Djibouti et les armes chimiques - les dessous du panier ".
Des
armes chimiques vont être utilisées tout au long du conflit entre
le FRUD et l'Etat djiboutien.
Ni
le Chef d'Etat Major Général des Armées, le Général
Ali MEÏDAL WAÏS, ni le Lieutenant Colonel Omar BARREH DARAR ni le Lieutenant
Colonel Hoch ROBLEH IDLEH - comme bien des Officiers supérieurs de la hiérarchie
militaire de l'Etat Major général des Armées ne
sont favorables à un conflit armé avec les Afars.
Contrairement
à ce qui peut en être compris de l'extérieur, l'organisation
de la société djiboutienne à cette époque donne à
tort l'impression d'une grande propension aux luttes fratricides entre Afars et
Issas.
On notera
toutefois des différences avec les Oromo de l'Ethiopie voisine, où
la paix "nagaa" est impérativement de
rigueur à l'intérieur de la communauté, mais où
la violence peut être bien plus extrême que les Issas contre l'ennemi
venu de l'extérieur.
Djibouti
est donc déjà à cette époque le résultat d'un
long brassage, le peuplement du pays est bien plus homogène qu'on a bien
voulu le faire croire car rare est le djiboutien Issa qui n'ait pas une tante
ou une grand-mère, voire une mère Afar, d'origine Arabe, Gadaboursi
ou Issak
..et inversement.
Souvent
les mariages inter tribaux s'effectuent à haut niveau de la hiérarchie
des familles.
Ceci
va donc indéniablement créer un frein à toute velléité
de conflit entre Issas et Afars mais le stratagème lancé
par Ismaïl OMAR GUELLEH - qui laisse croire au président Hassan GOULED
que les Afars (dont DINI) veulent l'éliminer, lui et sa famille - va parfaitement
fonctionner d'autant plus que le xénophobe primaire
qu'est Moumin BAHDON FARAH et quelques autres de son entourage vont en rajouter.
Le
vieux et sage proverbe somali qui dit :
"
dhul luguma dasho ee wa loo dhashaa "
ce
qui peut être traduit par
"
on ne naît pas sur une terre mais on naît pour la terre "
va
être mis au placard ; l'heure est à l'abject " commerce "
et aux intérêts d'ordre privé en se masquant derrière
la fausse image entretenue des " antagonismes ancestraux entre Afars et Issas
".
Si
antagonismes il peut y avoir, dans la quasi totalité des cas ce sont des
problèmes d'opposition de personnes. Ce n'est qu'au final que l'argument
tribal ou ethnique ressortira éventuellement.
C'est
donc un groupuscule très minoritaire mais manipulateur et aux intérêts
les plus divers qui va imposer sa loi,
tout à la fois au président GOULED APTIDON (convaincu à tort
que les Afars veulent l'assassiner) et au sein des Issas par la désinformation
- dans la perspective d'une guerre contre les Afars qui dès lors devient
inévitable.

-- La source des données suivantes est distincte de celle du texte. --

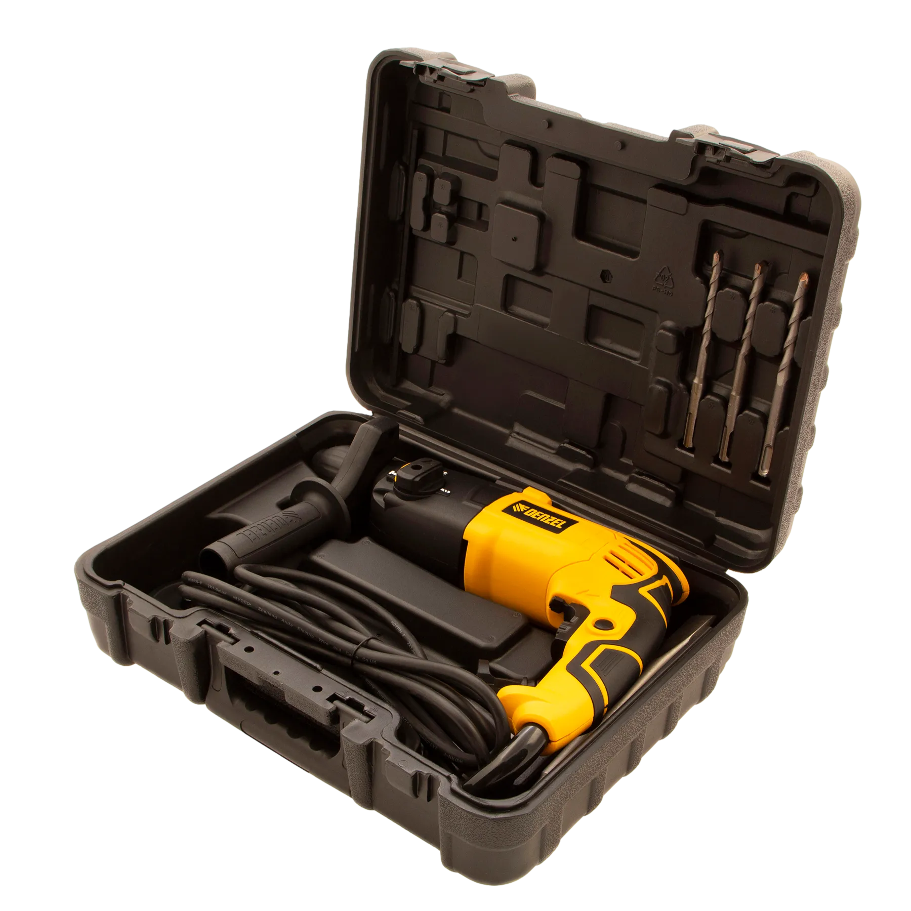 Электрический перфоратор DENZEL RH-750-24 используется при ремонтных и строительных работах для решения задач, требующих сверления или бурения отверстий в любых материалах.Патрон SDS-plus. Обеспечивает надежную фиксацию бура и делает быстрой замену оснастки.Предохранительная муфта. Обеспечивает защиту оператора во время заклинивания оснастки.Оснастка в комплекте. Начните работу сразу – в кейсе вы найдете пику, долото и три бура, чтобы испытать перфоратор по полной.

Plus tard, les haines entretenues et les morts de part et d'autre
feront le reste pour justifier une guerre, les massacres et les viols qui n'avaient
pas lieu d'être.
En
préparation de ce conflit et avec l'aide de Fathi A BELIKI, Ismaïl
OMAR GUELLEH lancera une véritable campagne savamment orchestrée
en ressortant de ses caves des antagonismes très anciens pour attiser le
feu chez les Afars qu'il va noyauter en achetant quelques consciences allant même
jusqu'à s'appuyer sur les conflits entre Afars et Issas en Ethiopie pour
la maîtrise des points d'eau dans cette période de grande catastrophe
humanitaire pour étayer ses arguments que des " propagandistes "
(rémunérés par l'Etat) diffuseront dans la capitale comme
à Dikhil et à Ali Sabieh. .
Le
Chef d'Etat Major Général des Armées, le Général
Ali MEÏDAL WAÏS, étant mis à la " retraite "

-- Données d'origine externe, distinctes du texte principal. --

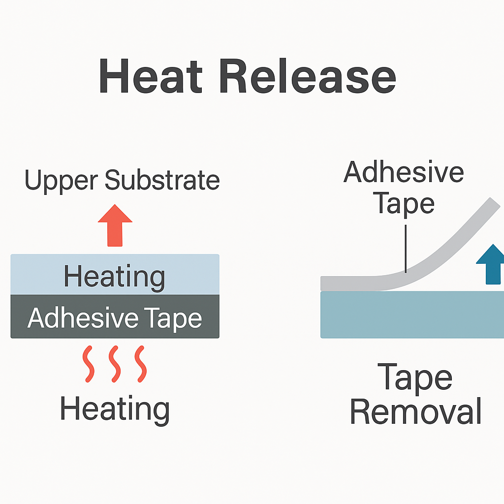 膠帶於設定溫度(常見為120°C~150°C)時失去黏性,實現快速分離。

par anticipation, le Lieutenant Colonel Omar BARREH DARAR ayant été
éliminé dans un accident de véhicule qu'il aura fait saboter,
le Lieutenant Colonel Hoch ROBLEH IDLEH décédant dans un hôpital
parisien ( on parlera d'empoisonnement par un visiteur
),
le chemin de Fathi A BELIKI est dégagé et prendra comme adjoint
le Lieutenant Colonel Zakaria CHEICK IBRAHIM - proche du président Hassan
GOULED et qui en fera son protégé - à qui il laissera l'entière
gestion y compris financière du Camp CHEICK OSMAN de l'unité de
Blindés djiboutiens.

Entre
le début du conflit contre le FRUD et le mois de décembre 1994,
des centaines d'obus au phosphore vont être tirés non sur les positions
d'un ennemi insaisissable mais sur des villages où des centaines de vieillards,
de femmes et d'enfants Afars vont être tués.